Despite the many stages in the case, as set out in JUVE Patent’s overview, the courts have still not even reached the heart of the dispute: Does Amazon infringe InterDigital’s streaming SEPs (UPC and Munich Regional Court) or what is the value of the RAND licence that Amazon should pay to InterDigital (UK High Court). The parties are still arguing about the consequences of the AILI and AASI from the local division Mannheim and the UK High Court, respectively. Amazon has not yet applied to the UK High Court for an interim licence.
“The case has become detached from the real subject”

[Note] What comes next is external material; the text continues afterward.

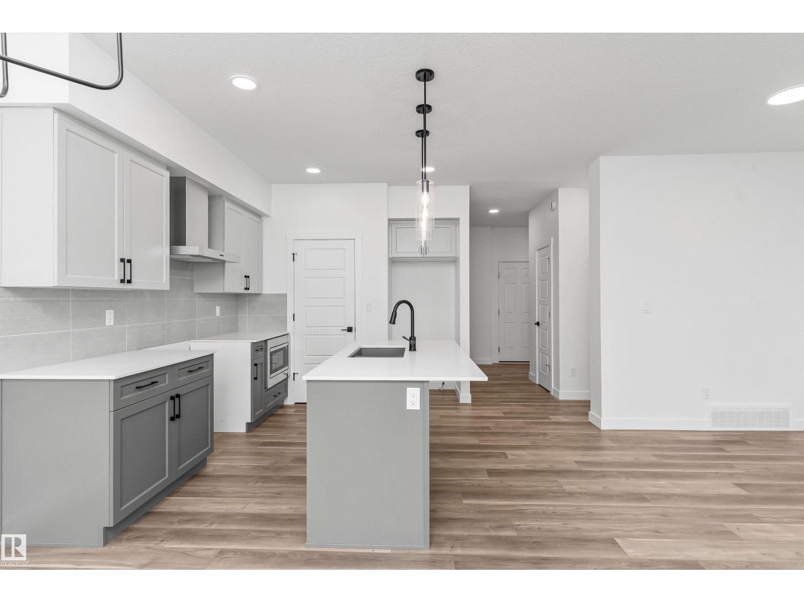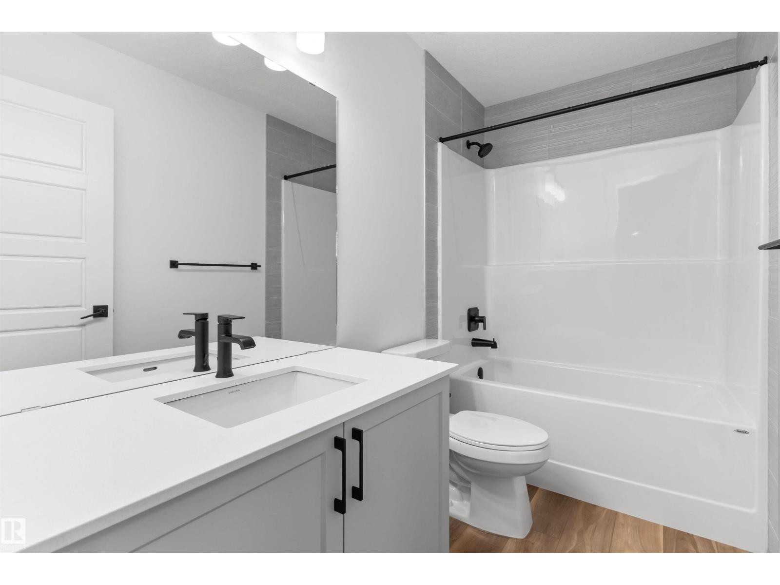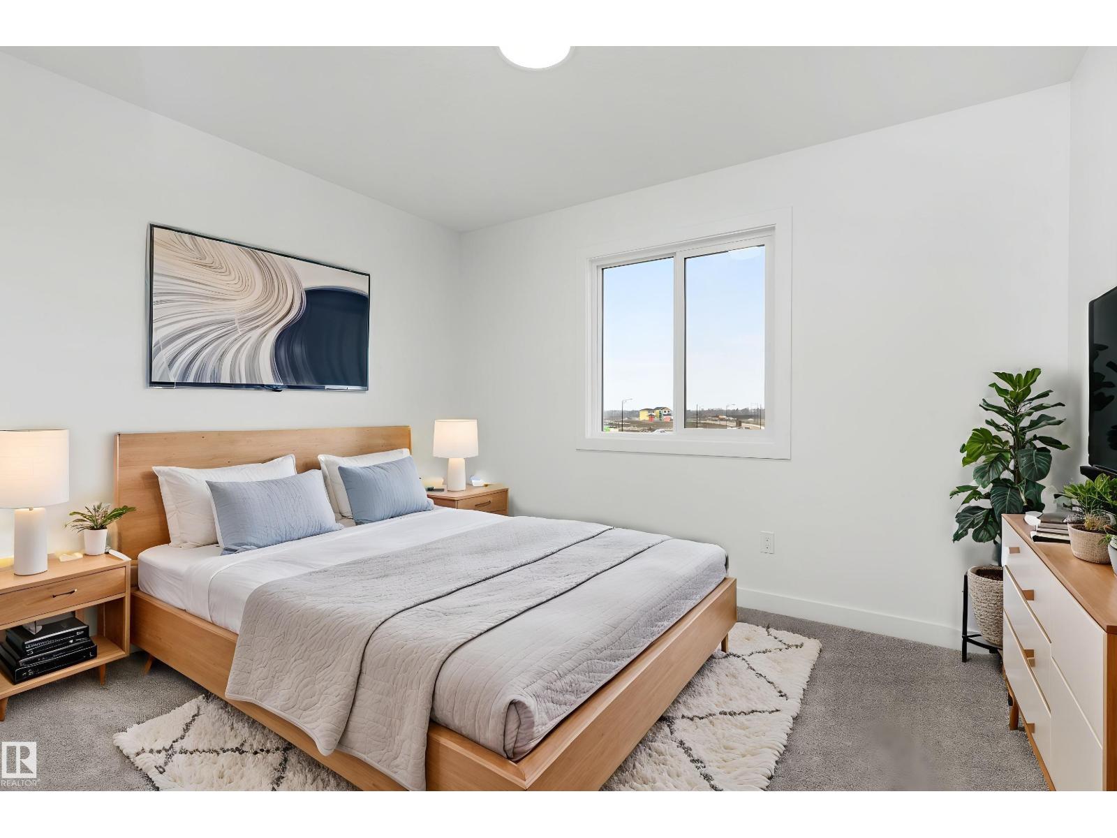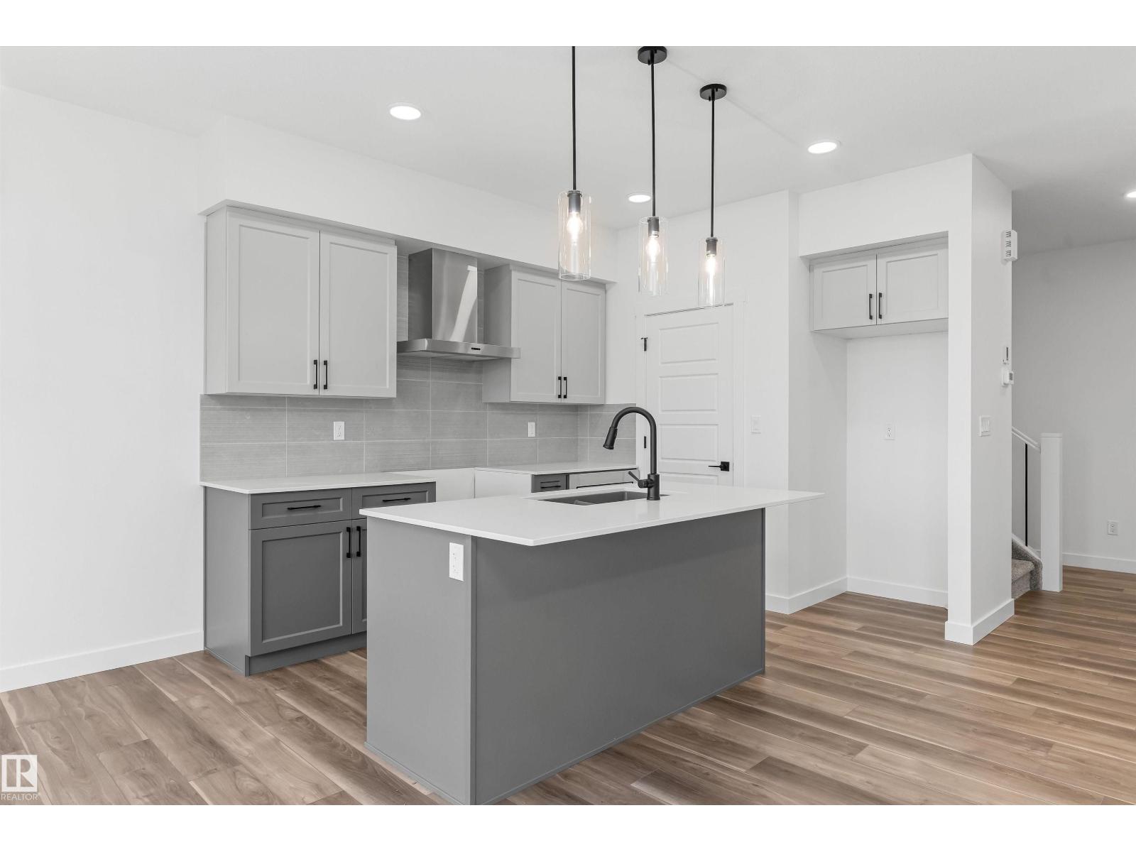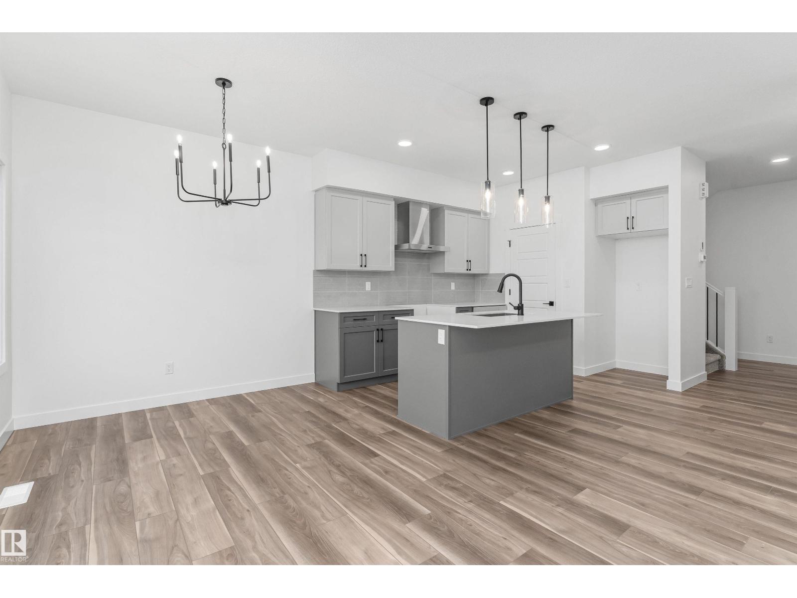Built by Sterling Homes, this front-attached home in Rivers Edge offers bright, modern living in a nature-inspired west Edmonton community. Triple pane windows and 9’ ceilings create an airy main floor that features a welcoming foyer and an open kitchen with quartz counters, a large island, built-in microwave, chimney hood fan, full-height backsplash, and a corner pantry. The great room includes an electric fireplace and large rear windows, with a garden door leading to the backyard. A half bath completes the main level. Upstairs, the primary suite offers a walk-in closet with a window and a 4-piece ensuite with double sinks and a glass-door shower. A bonus room, full bath, upper-floor laundry, and two additional bedrooms complete the layout. With luxury vinyl plank flooring, upgraded railings, a separate side entrance, a double garage with floor drain, and basement rough-ins, this home blends comfort and convenience in a growing riverside neighbourhood. (id:63190)

There are rumblings that an uneasy feeling has crept in. The case has become detached from what is actually the subject of the dispute. This was neither planned nor foreseen. Both camps are obviously experiencing a loss of control. Counsel dare not say things in one courtroom for fear it could result in sanctions from the other.
The case is also subject to enormous media attention, which seems to be further inflaming tempers.
These are harbingers of a troubling development. Both the UK court and the UPC are clearly trying to protect their own jurisdiction. That is their right. What has developed from this is an intra-European tussle over competence. The judges involved do not seem entirely comfortable with this either, as it is clear from their reciprocal orders that they would secretly have preferred to avoid this wrangling.
The next major event in the dispute is Amazon’s appeal against the AILI from the local division Mannheim on 28 May in Luxembourg (case ID: UPC-COA-0000936/2025). Those involved hope that the situation will have calmed down considerably by then.
There is also the hope that InterDigital and Amazon will settle after all. However, experts believe this is rather unlikely because too much money is at stake. Even if the current dispute consumes an incredible amount of time and legal fees, a settlement is still a long way off.
“Judges in other countries are probably rubbing their hands with glee”
According to one expert, with the advent of streaming providers there is suddenly a lot of money riding on the audio and video streaming patents. The old mechanisms with which the parties concluded licence agreements in the pre-streaming era no longer work. InterDigital, Nokia, Amazon, Walt Disney, Warner Bros Discovery and others are currently struggling to find new methods.
In the other major SEP jurisdictions of China, Brazil and the US, judges are probably rubbing their hands with glee as they watch the skirmishes unfold among their European colleagues. These are the inevitable consequence of the introduction of the UPC and subsequent shakeup of the European system. But the European judges would be well advised to pull together so as to hold fast in the international competition between courts. But Venice conference or not, it might be worth picking up the phone and talking in person instead of through court orders.
But let’s be clear: ultimately, the development in InterDigital vs Amazon is probably just an isolated case. Should similar disputes arise, the parties will have learned from this case. In November, Warner Bros Discovery directly applied for a much broader AASI or anti-AILI against Nokia. This also included orders to protect the UK FRAND-rate-setting procedure. The UK High Court then granted these. There were no tussles like in InterDigital vs Amazon.
However, current events also show that new creative approaches, such as the first-ever AILI applications in Germany filed by InterDigital, must always be carefully considered. After all, in the competition between European courts, it is impossible to predict where such methods will ultimately lead.